Stored items from a collection:
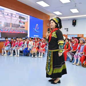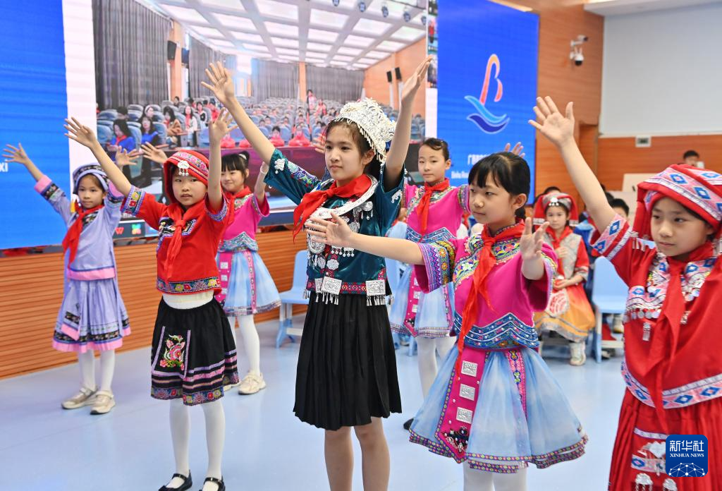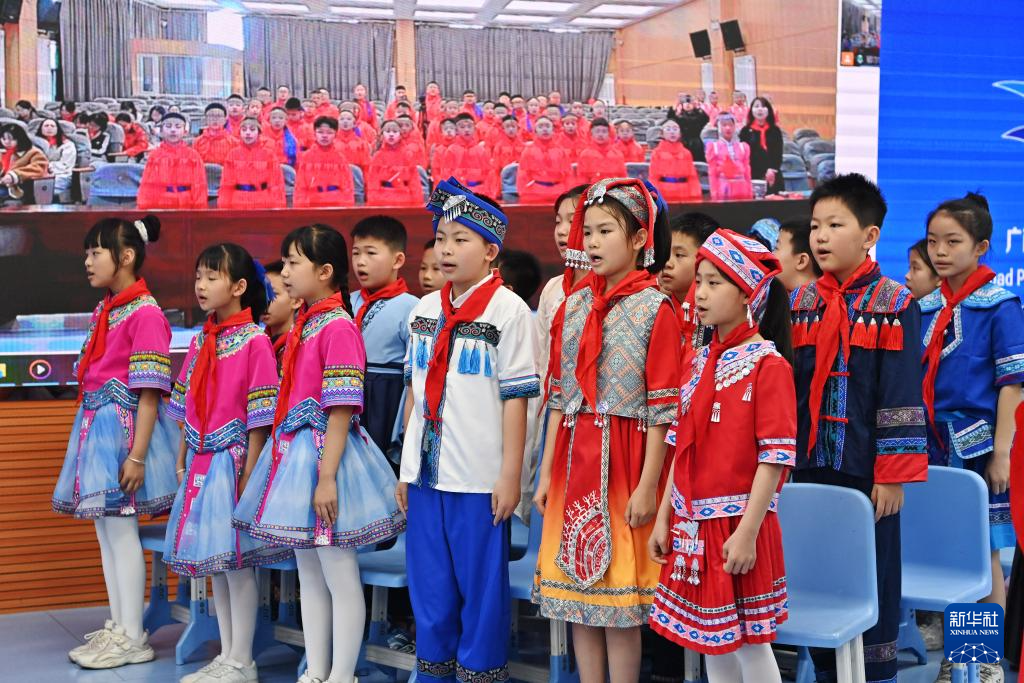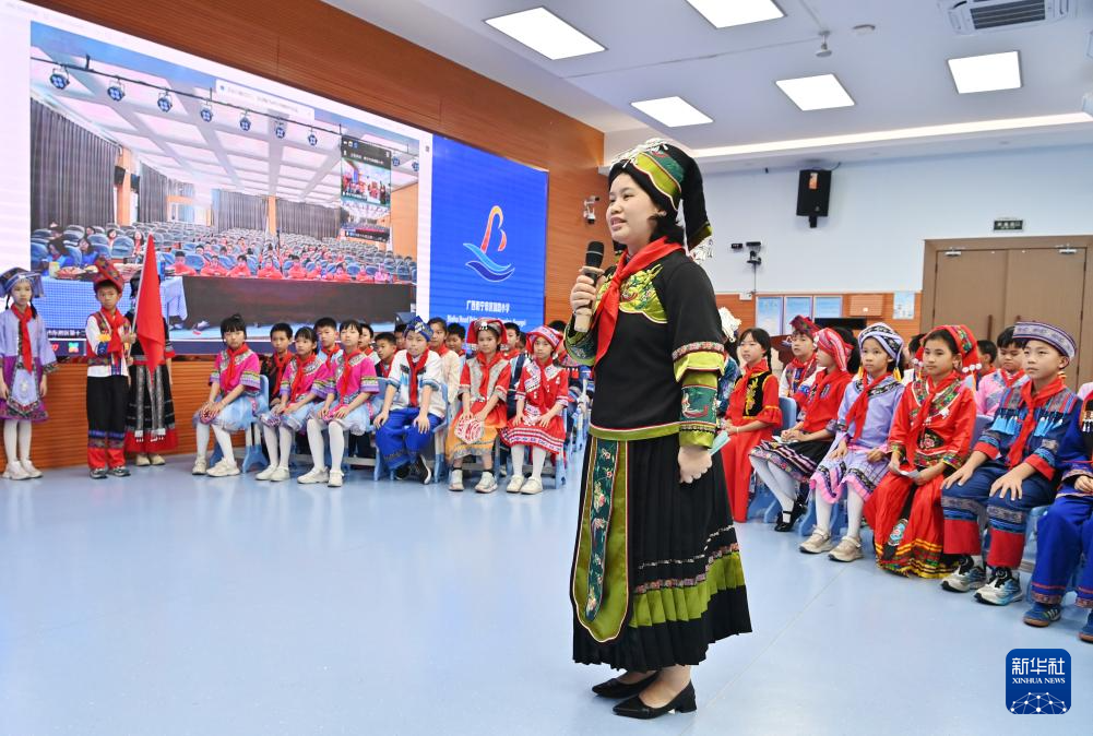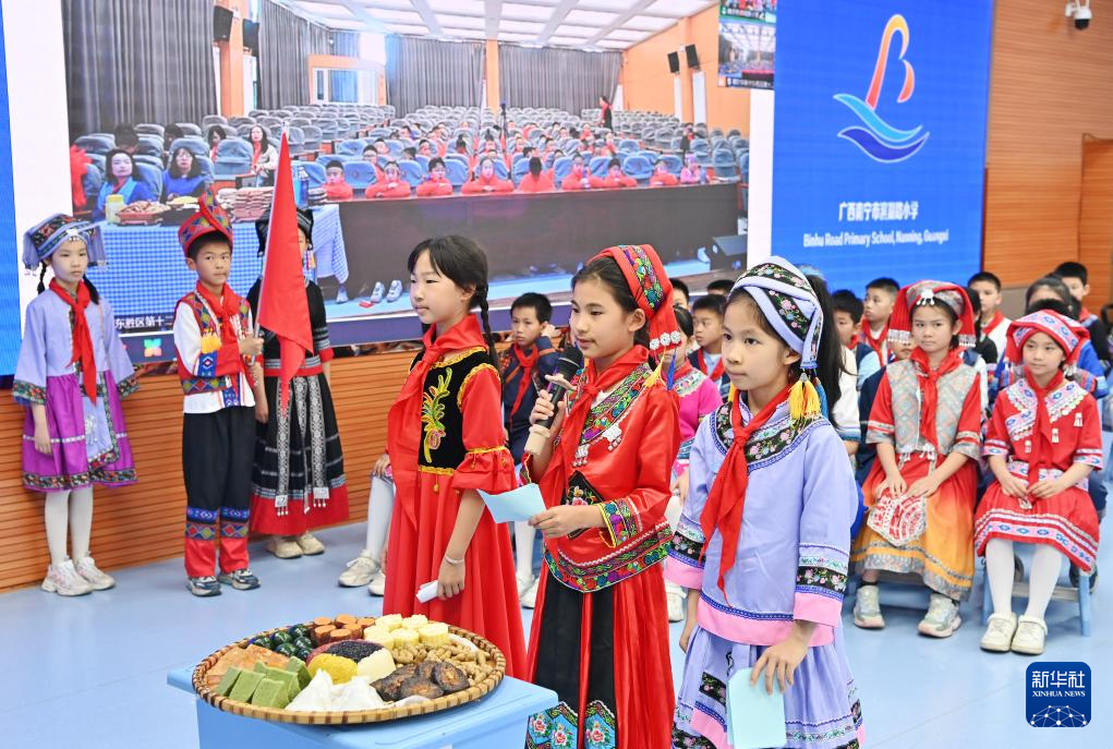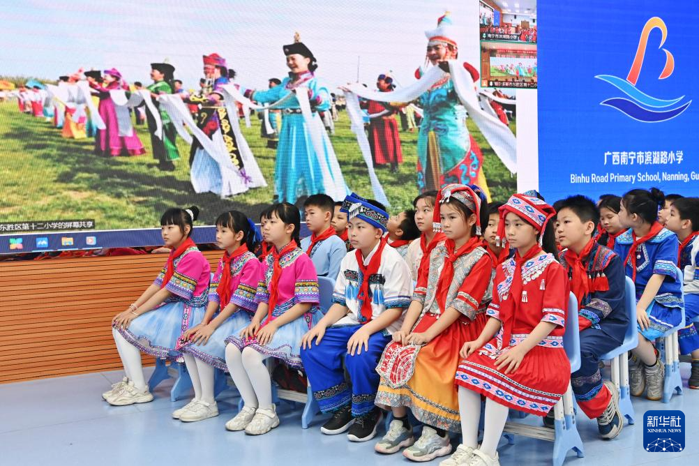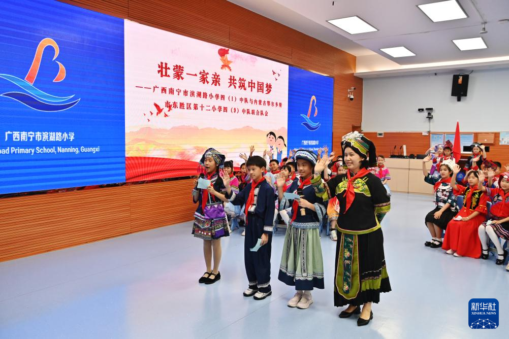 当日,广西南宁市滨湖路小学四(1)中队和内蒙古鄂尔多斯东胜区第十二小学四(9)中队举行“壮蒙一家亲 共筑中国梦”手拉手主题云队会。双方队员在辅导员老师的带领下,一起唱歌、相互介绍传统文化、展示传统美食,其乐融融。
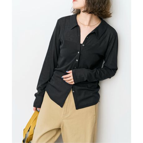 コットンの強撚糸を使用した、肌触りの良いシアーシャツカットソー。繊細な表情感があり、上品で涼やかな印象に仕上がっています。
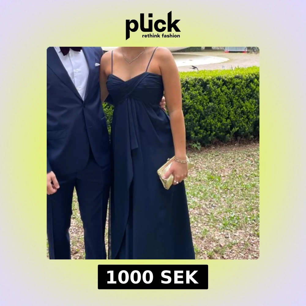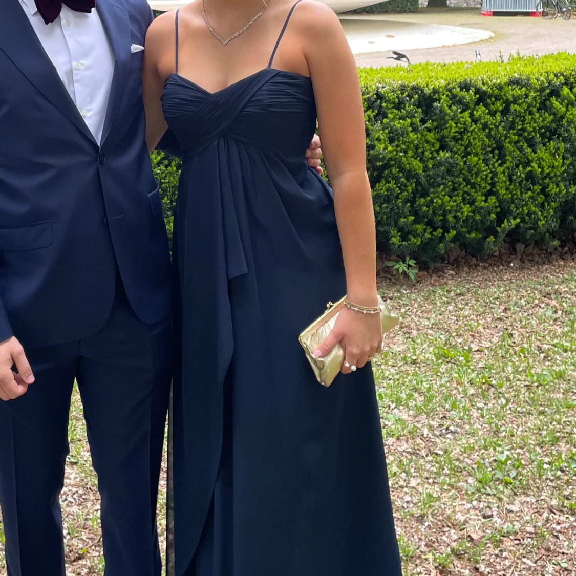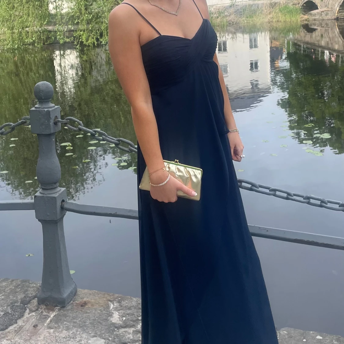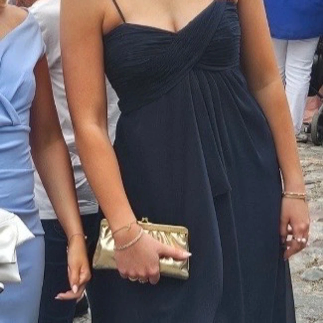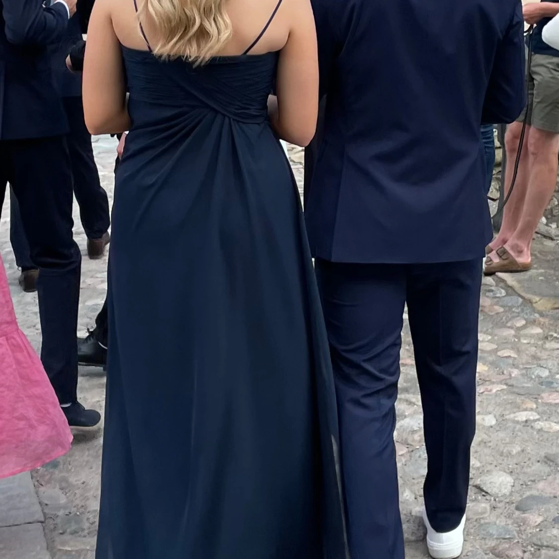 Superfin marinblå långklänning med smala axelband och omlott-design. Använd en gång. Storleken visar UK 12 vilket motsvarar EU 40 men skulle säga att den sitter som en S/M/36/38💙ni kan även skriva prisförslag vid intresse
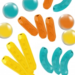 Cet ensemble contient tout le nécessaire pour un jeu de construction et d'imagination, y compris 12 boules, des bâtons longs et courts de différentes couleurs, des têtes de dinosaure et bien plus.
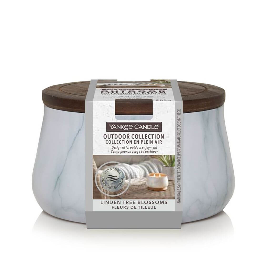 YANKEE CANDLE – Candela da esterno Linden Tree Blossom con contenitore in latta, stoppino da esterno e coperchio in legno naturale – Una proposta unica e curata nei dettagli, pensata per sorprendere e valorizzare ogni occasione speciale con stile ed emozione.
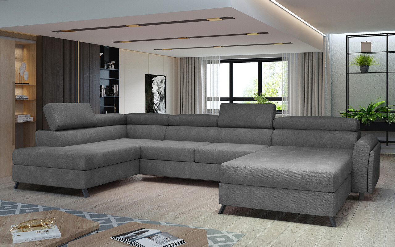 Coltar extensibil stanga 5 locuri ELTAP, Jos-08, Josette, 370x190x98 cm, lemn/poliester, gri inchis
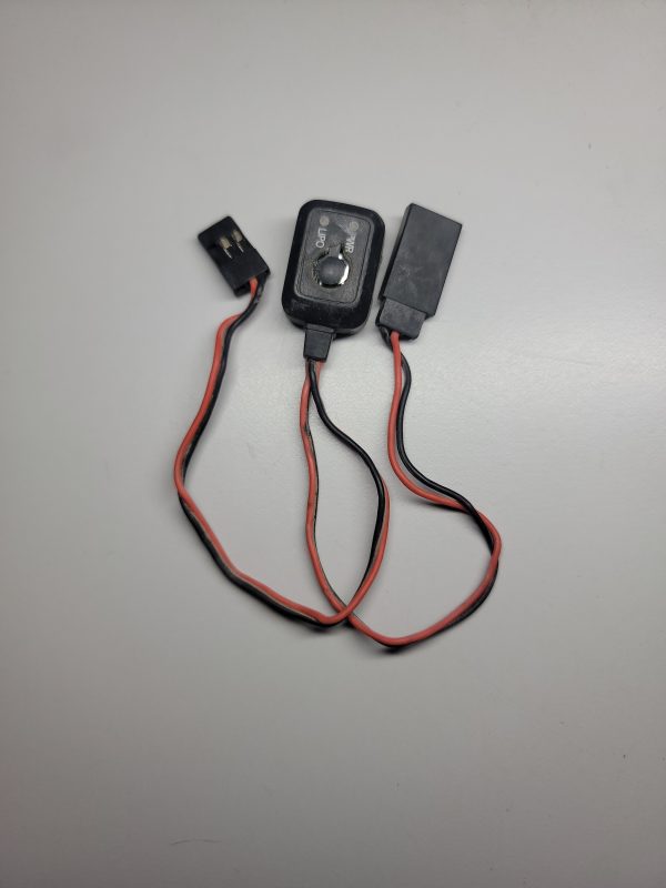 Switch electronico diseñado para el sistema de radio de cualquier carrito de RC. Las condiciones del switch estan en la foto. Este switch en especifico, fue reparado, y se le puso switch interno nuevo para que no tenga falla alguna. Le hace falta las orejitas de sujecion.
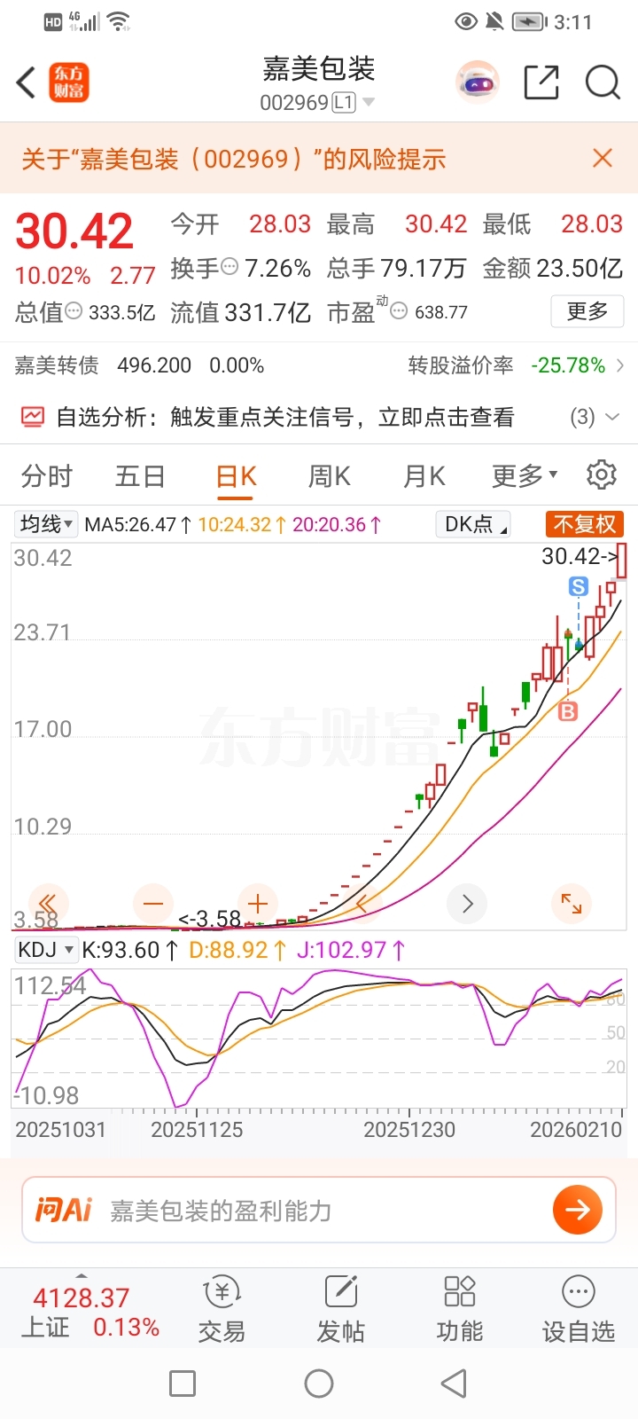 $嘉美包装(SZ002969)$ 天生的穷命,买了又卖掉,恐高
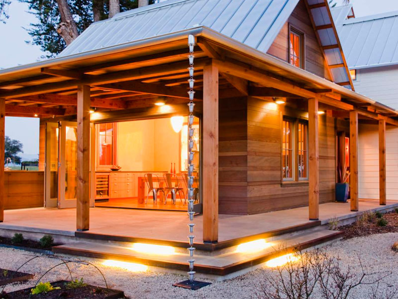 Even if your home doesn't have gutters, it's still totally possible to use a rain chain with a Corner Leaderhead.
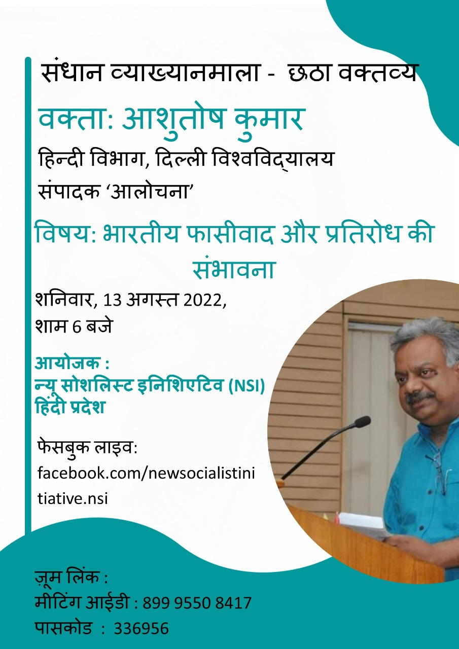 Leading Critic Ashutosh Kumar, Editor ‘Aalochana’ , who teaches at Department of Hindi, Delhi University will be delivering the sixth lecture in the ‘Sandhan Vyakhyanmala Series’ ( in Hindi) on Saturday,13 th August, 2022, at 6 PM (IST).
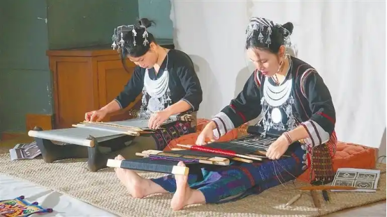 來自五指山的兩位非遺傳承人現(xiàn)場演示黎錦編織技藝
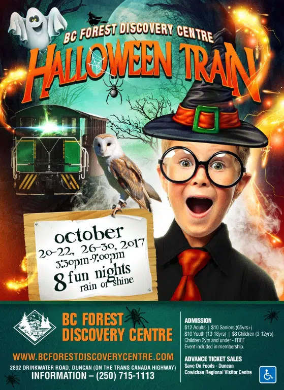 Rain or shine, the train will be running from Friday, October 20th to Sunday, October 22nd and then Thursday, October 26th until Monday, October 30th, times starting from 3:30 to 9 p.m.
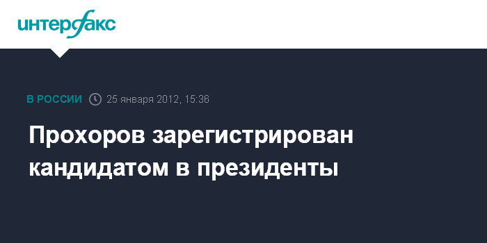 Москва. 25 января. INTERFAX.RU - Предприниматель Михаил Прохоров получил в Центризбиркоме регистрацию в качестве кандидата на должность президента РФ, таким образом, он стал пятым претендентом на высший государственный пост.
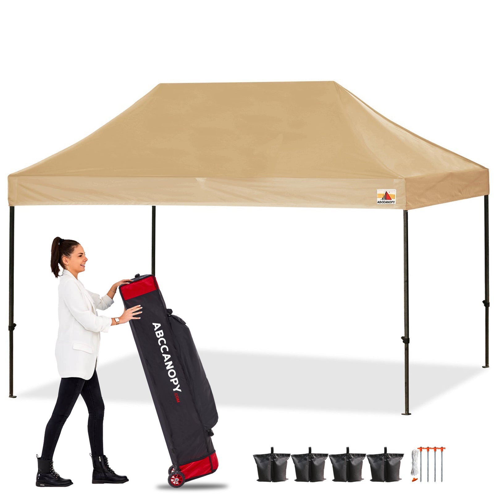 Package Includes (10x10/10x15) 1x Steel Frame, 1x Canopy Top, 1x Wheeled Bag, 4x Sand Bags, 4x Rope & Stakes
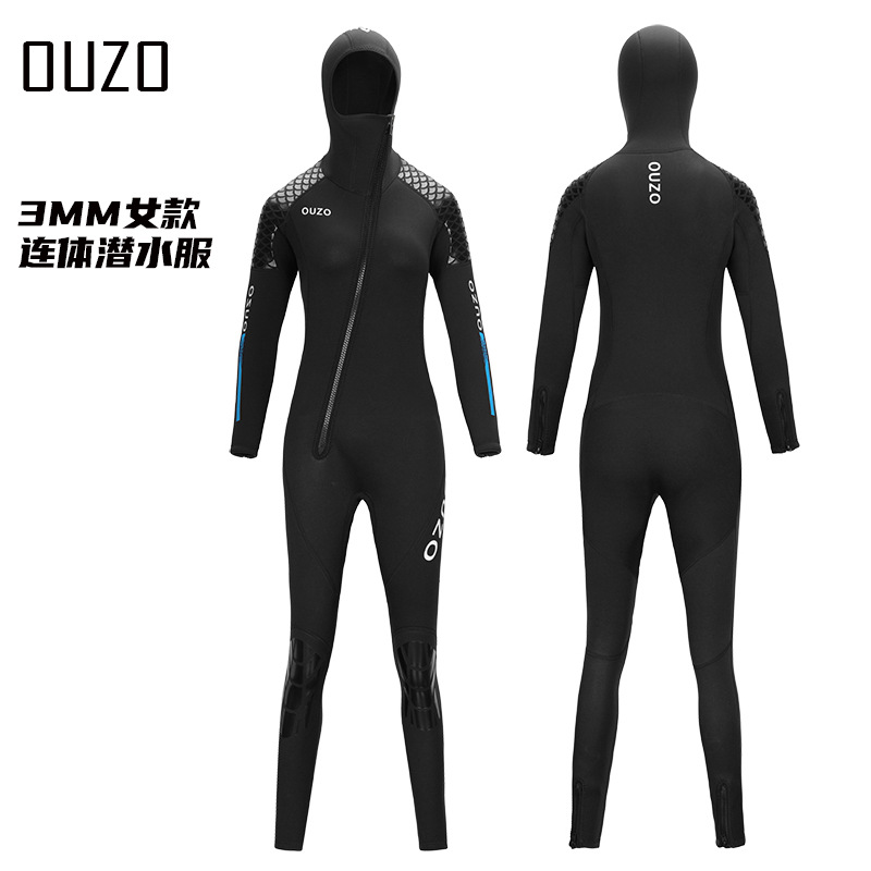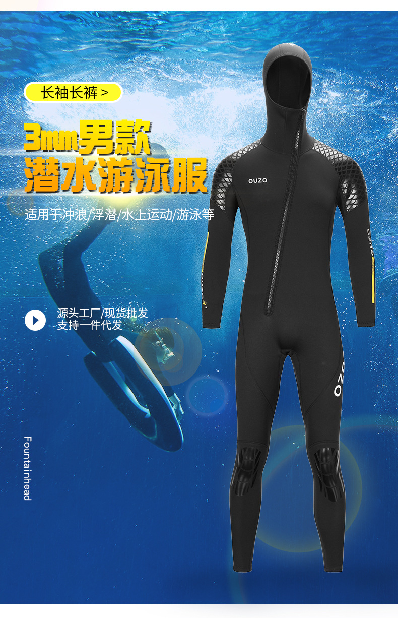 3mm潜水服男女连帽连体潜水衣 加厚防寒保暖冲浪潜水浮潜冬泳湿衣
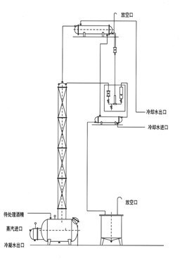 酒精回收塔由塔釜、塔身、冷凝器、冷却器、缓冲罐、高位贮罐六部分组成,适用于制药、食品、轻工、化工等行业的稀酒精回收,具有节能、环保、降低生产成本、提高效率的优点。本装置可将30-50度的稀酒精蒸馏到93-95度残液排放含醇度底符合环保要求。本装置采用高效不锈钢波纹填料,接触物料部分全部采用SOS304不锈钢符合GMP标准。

YOUR GOAL
In the copy, include exactly the lines from the one with "來自五指山的兩位非遺傳承人現(xiàn)場演示黎錦編織技藝" through the final line of the data, both ends included, and no pictures.

TASK RESPONSE
 來自五指山的兩位非遺傳承人現(xiàn)場演示黎錦編織技藝
 Rain or shine, the train will be running from Friday, October 20th to Sunday, October 22nd and then Thursday, October 26th until Monday, October 30th, times starting from 3:30 to 9 p.m.
 Москва. 25 января. INTERFAX.RU - Предприниматель Михаил Прохоров получил в Центризбиркоме регистрацию в качестве кандидата на должность президента РФ, таким образом, он стал пятым претендентом на высший государственный пост.
 Package Includes (10x10/10x15) 1x Steel Frame, 1x Canopy Top, 1x Wheeled Bag, 4x Sand Bags, 4x Rope & Stakes
 3mm潜水服男女连帽连体潜水衣 加厚防寒保暖冲浪潜水浮潜冬泳湿衣
 酒精回收塔由塔釜、塔身、冷凝器、冷却器、缓冲罐、高位贮罐六部分组成,适用于制药、食品、轻工、化工等行业的稀酒精回收,具有节能、环保、降低生产成本、提高效率的优点。本装置可将30-50度的稀酒精蒸馏到93-95度残液排放含醇度底符合环保要求。本装置采用高效不锈钢波纹填料,接触物料部分全部采用SOS304不锈钢符合GMP标准。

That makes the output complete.